In 1983, the Jinling hotel was the tallest building in China at 110 meters and 37 floors tall. Jinling hotel has created many firsts. It has the first high-speed elevator in China, the first high-rise revolving restaurant in China, and China's first high-rise helipad. Ever since the Jinling hotel's establishment, many foreign media made lots of reports on the construction and opening of Jinling Hotel, including Canada, Britain, and Hong Kong. International media designate Jinling Hotel as the "window of China's reform and opening up". At that time, Jinling Hotel was a mystery to Nanjing residents. The average price for a night was $90, and the only way for residents to know about Jinling Hotel was to buy tickets to visit the high-rise revolving restaurant, Xuan Gong. Jinling Hotel paid off its capital construction debts of US$45 million in only 10 years.

In May 1997, Jinling Hotel Phase II, the Nanjing World Trade Center was completed and started operation. The Nanjing World Trade Canter was 17 floors tall.

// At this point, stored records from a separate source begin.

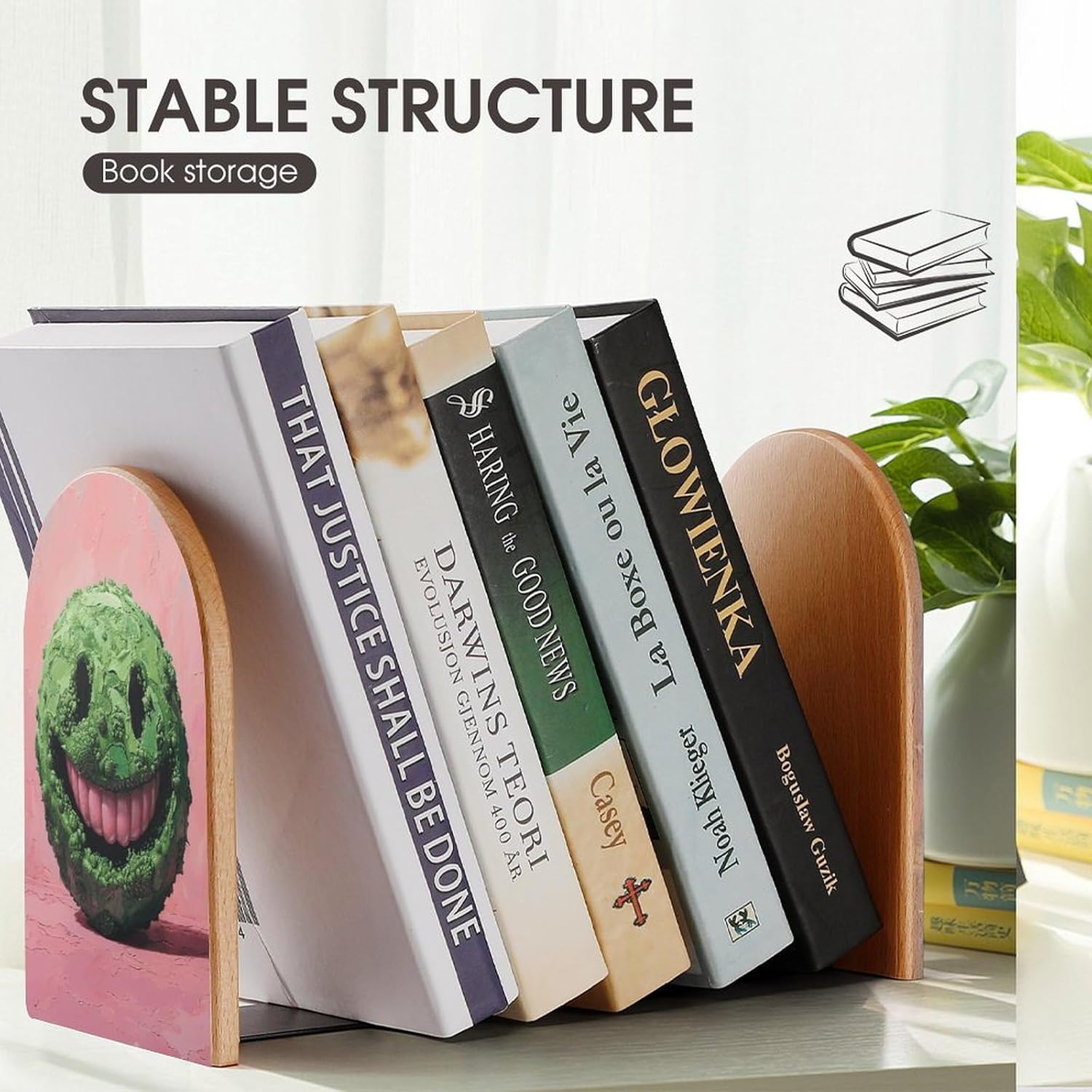 This bookend is made of beech wood, the base is made of metal, and the bookshelf has a thick structure.
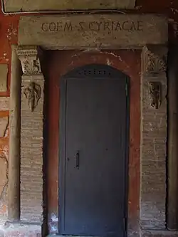 Esta catacumba aparece nos documentos antigos com dois nomes. O mais utilizado e conhecido é "San Lorenzo", uma referência ao mártir cristão mais conhecido sepultado no cemitério hipogeu, São Lourenço. O "Depositio Martyrum" (metade do século IV) recorda o sepultamento no dia 10 de agosto nos seguintes termos: "quarto idus Augustas Laurentii in Tiburtina" ("10 de agosto, Lourenço na Via Tiburtina"). Esta fonte não cita o nome do cemitério, um sinal de que, já na época, ele era conhecido com o nome do mártir e não o do proprietário do terreno. Outras fontes, por outro lado, identificam a catacumba com o nome de "Ciriaca", a proprietária do terreno no qual foi escavada a catacumba: da mesma forma, o Liber Pontificalis e uma "Paixão" de São Lourenço do século VI, que especifica a sepultura do mártir como "in via Tiburtina in praedio Cyriacae viduae in agro Verano" ("na Via Tiburtina, no terreno da viúva Ciríaca no Campo Verano"). Em outras fontes mais recentes (século VIII), Ciríaca já identificada como "beata".
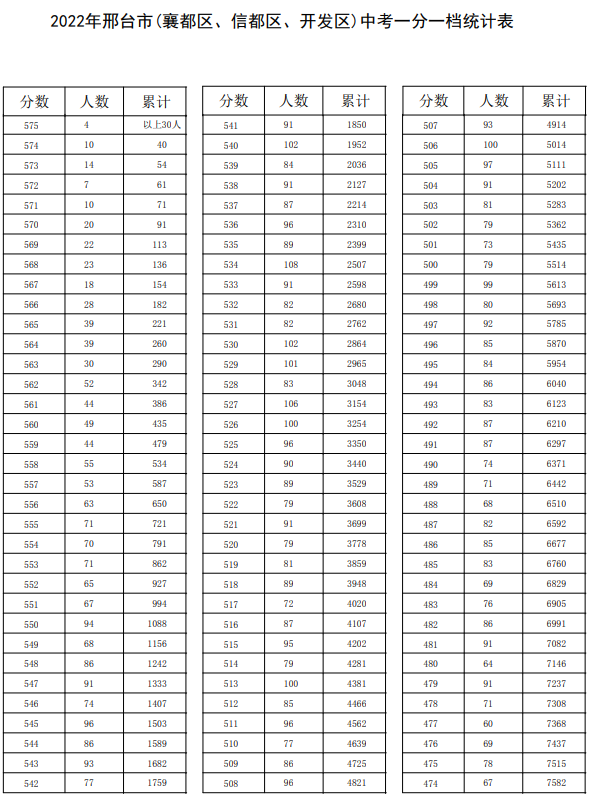 河北邢臺(tái)中考成績一分一檔公布 2022年邢臺(tái)市 (襄都區(qū)、信都區(qū)、開發(fā)區(qū)) 中考成績一分一檔表 中考考分?jǐn)?shù)在550分及以上考生數(shù)量為1088人
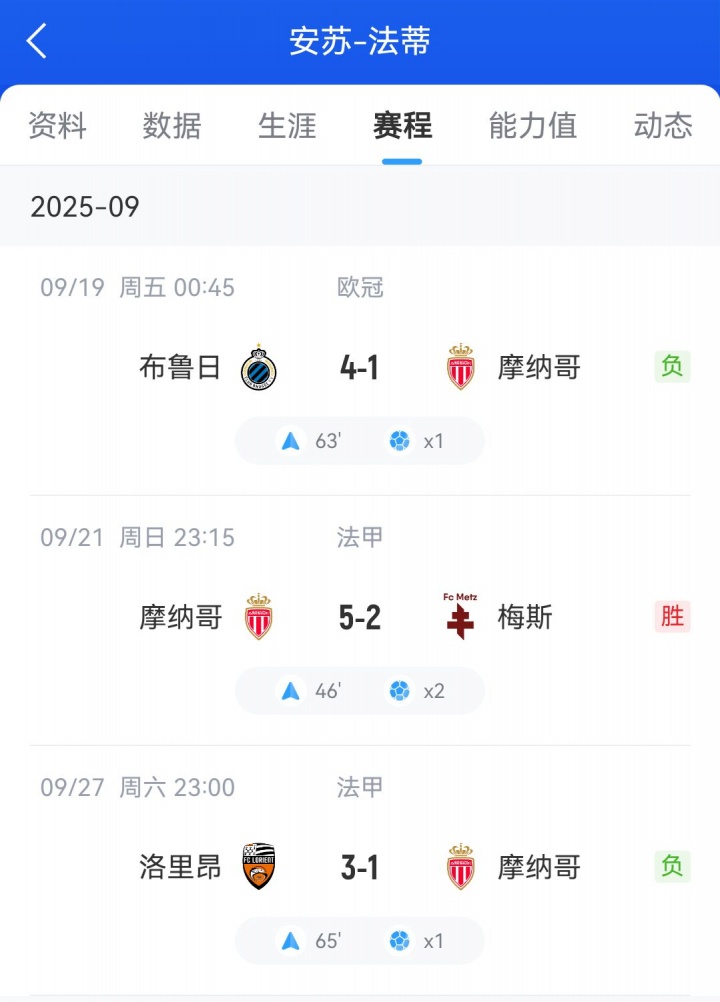 咫尺,法蒂也曾为摩纳哥出战3场比赛(均为替补登场),并在为数未几的上场手艺中打进了4个进球。
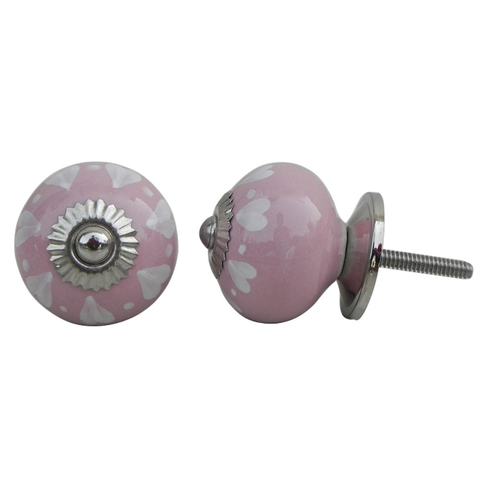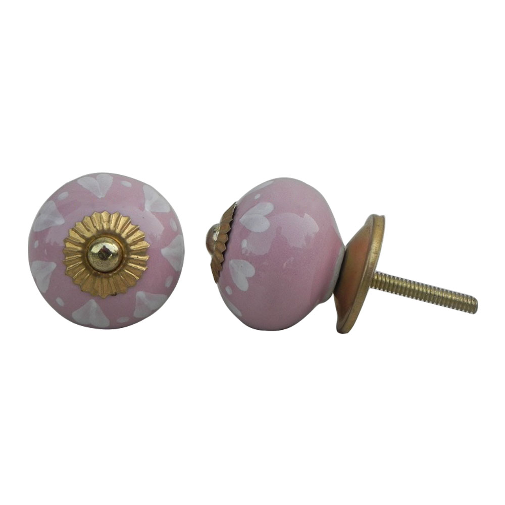 Pink Heart Dot Ceramic Knob. Ideal for kitchen cabinets, kitchen drawers, dining room, bed room, chest drawers, dressing tables, almirah
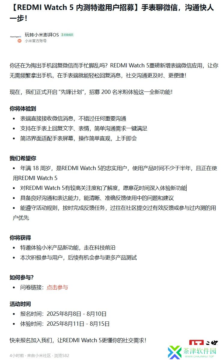 快来报名加入我们,让 REDMI Watch 5 更懂你的社交需求!
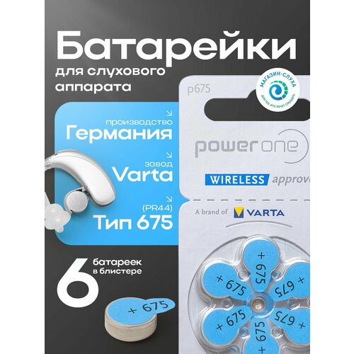 Батарейки для слухового аппарата power one p675, PR44 (ZA675, V675A, DA675) ZincAir (воздушно-цинковый) тип 675, 6 батареек
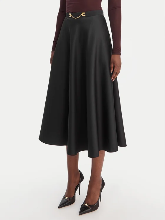 Elisabetta Franchi Midi sijonas GO-156-61E2-V320 Juoda Regular Fit
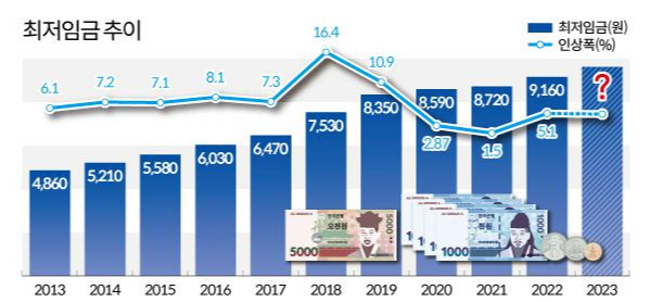 - 사실, 최저임금은 지난 2018년에는 16.4% 그리고 2019년에는 10.9% 올랐었거든요. 그러다가 코로나 국면을 맞으면서 2020년 2.9%, 지난해에는 1.5%로 인상률이 떨어졌었는데요. 이후, 물가 상승세와 함께 5%대 인상률을 보이게 됐습니다. 그럼에도 노동계는 여전히 물가 상승률에도 못 미치는 인상률이라고 지적했고요. 사용자 측은 한계에 몰린 소상공인, 중소기업이 감당하기 어려운 수준이란 반응을 내놨습니다.

In October 2013, Jinling Hotel Phase III, the main building of Asia Pacific Tower was completed. Thus, Jinling Hotel Nanjing became the largest hotel complex in Jiangsu Province. The Asia Pacific Tower has a total of 53 floors and a height of 243 meters.

== Awards ==
- "Model Water Saving Hotel" Award
- in January 2011, won "Best Civilized Unit in Jiangsu Province" Award as the only winner among the hotel industry enterprises.
- In 2019, Jinling Hotel was listed as one of the "20 best hotels to travel" by Money News.
- In September 2021, the Jinling Hotel Corporation won China Quality Awards the highest recognition.

== Notable events ==

- Since establishment in 1983, Jinling Hotel was the tallest building in Nanjing for 10 years.
- In February 1985, Jinli Supermarket, the first supermarket in Nanjing, was open.
- In December 1985, Chinese President Li Xiannian stayed at the Jinling Hotel Nanjing.
- In February 1985, the Chairman of the Central Military Commission Deng Xiaoping inspected the Jinling Hotel Nanjing. To open an outlet for Nanjing to the world and increase movement between China mainland and Hong Kong, Deng Xiaoping made arrangements to open a Hong Kong -Nanjing chartered flight.
- In January 1986, Hong Kong Restaurant LiuChaoChun opened.
- In January 1988, the Jinling Hotel Shopping Center was open. Jinling Hotel Shopping Center was the first upscale shopping center in Nanjing.
- In October 1991, the General Secretary of the Chinese Communist Party Jiang Zemin made his first visit to the Jinling Hotel Nanjing.
- In February 1993, Vice Premier of the People's Republic of China Zou Jiahua stayed at the Jinling Hotel Nanjing.
- In September 1999, the Vice Chairman of Chinese People's Political Consultative Conference Huo Yingdong stayed at the Jinling Hotel Nanjing.
- In October 1999, Vice Premier of the State Council Wu Bangguo stayed at the Jinling Hotel Nanjing.
- In February 2003, Chinese leader Jiang Zemin stayed at the Jinling Hotel Nanjing for the second time and met with Cuba’s leader Fidel Castro.
- In December 2002, Jinling Hotel Corporation was founded as part of Jinling Holdings.